Eine anu ist gerecht.
Eine anu ist die Herrscherin über das Leben.
Charlotte Heynes ist eines dieser Mädchen, das niemals auffällt. Schüchtern, rothaarig, blass.
Und doch trägt sie das Geheimnis des Lebens in sich.
Sie ist die Auserwählte und will es gar nicht sein.

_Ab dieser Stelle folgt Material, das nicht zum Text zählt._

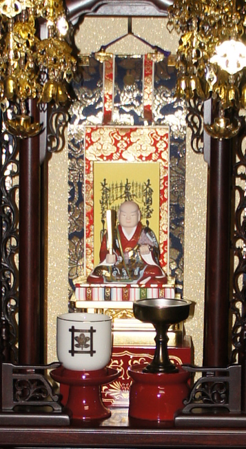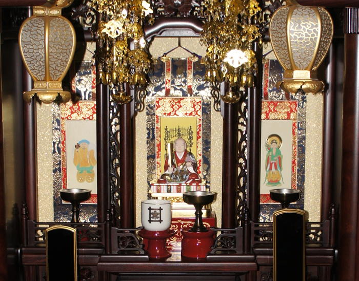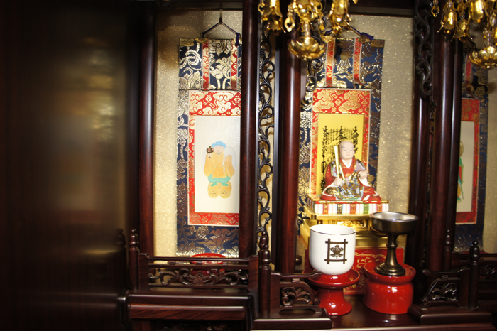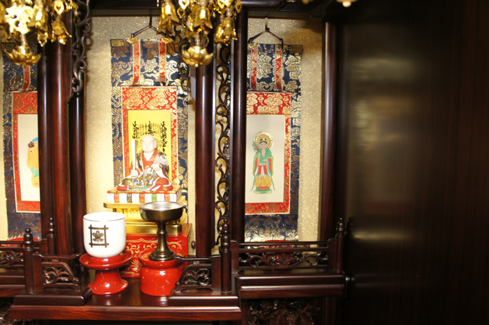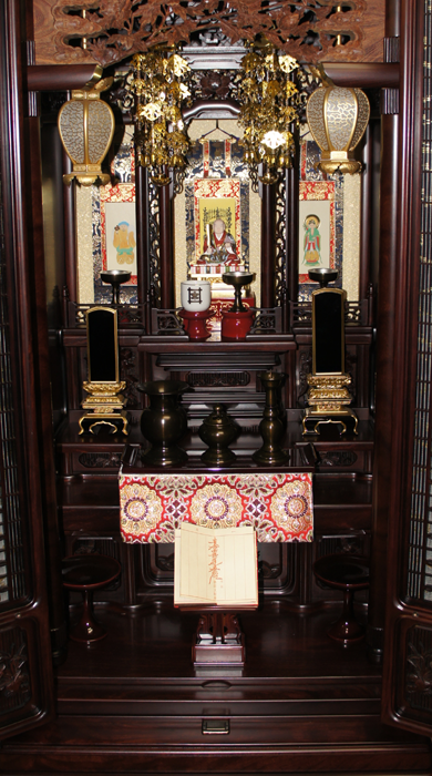 これらは、お仏壇の最上段(須弥壇)の上方、宮殿(くうでん)にお祀りします。

Charlotte trägt die drei Zeichen des Lebens.
Dunkelblaue Augen.
Muttermale am Kinn.
Das dritte Auge.
Leseprobe:
In meinem Traum war der Vulkan ohne Vorwarnung ausgebrochen, hatte die Spitze des Berges abgesprengt und Unmengen an Lava durch die Luft geschleudert. Unmenschliches Getöse brauste durch die mit Schwefelgestank erfüllte Luft. Menschen schrien vor Angst und liefen durcheinander, manche wurden von den herunterfallenden Brocken heißer Lava erschlagen und verbrannten sofort. Nicht einmal mehr Asche war von ihnen übrig geblieben. Die Nacht war von rotem Licht durchzogen, Blitze zuckten aus dem Kelch des Vulkans; ein grausames Feuerwerk der Natur tief aus dem Schlund der Erde, die uns Leben spenden sollte und doch Tod und Verwüstung brachte. Ich hatte die Bewohner des Dorfes gesehen. Direkt in ihre Gesichter gesehen und die vor Angst geweiteten Augen, die weit aufgerissenen Münder mit den stummen Schreien der Furcht, hatten mir die Luft zum Atmen genommen. Als einer der Dorfbewohner auf mich zutrat und mich vorwurfsvoll ansah, mich an den Schultern packte und schüttelte, um mir immer wieder die gleiche, stumme und unausgesprochene Frage zu stellen. Lautlos in all dem Getöse war diese Frage über seine Lippen gekommen, aber ich wusste, welche Frage es war. Warum hast du uns nicht gewarnt? An dieser Stelle bin ich aufgewacht - wache ich immer auf -, habe geschrien und die Haut in meinem Gesicht befühlt. Der Traum ist so real gewesen, dass mein Gesicht glüht. Wie verbrannt glüht. Ich mache mir Vorwürfe, meine Nachbarn, die Menschen mit denen ich aufgewachsen war und die ich wie meine Familie liebe, in diesem Dorf nicht gewarnt zu haben. Ihnen nicht erzählt zu haben, dass ich dieses Unglück bereits vor Wochen vorausgesehen hatte. Ich schäme mich, sie in diese Katastrophe stürzen zu lassen.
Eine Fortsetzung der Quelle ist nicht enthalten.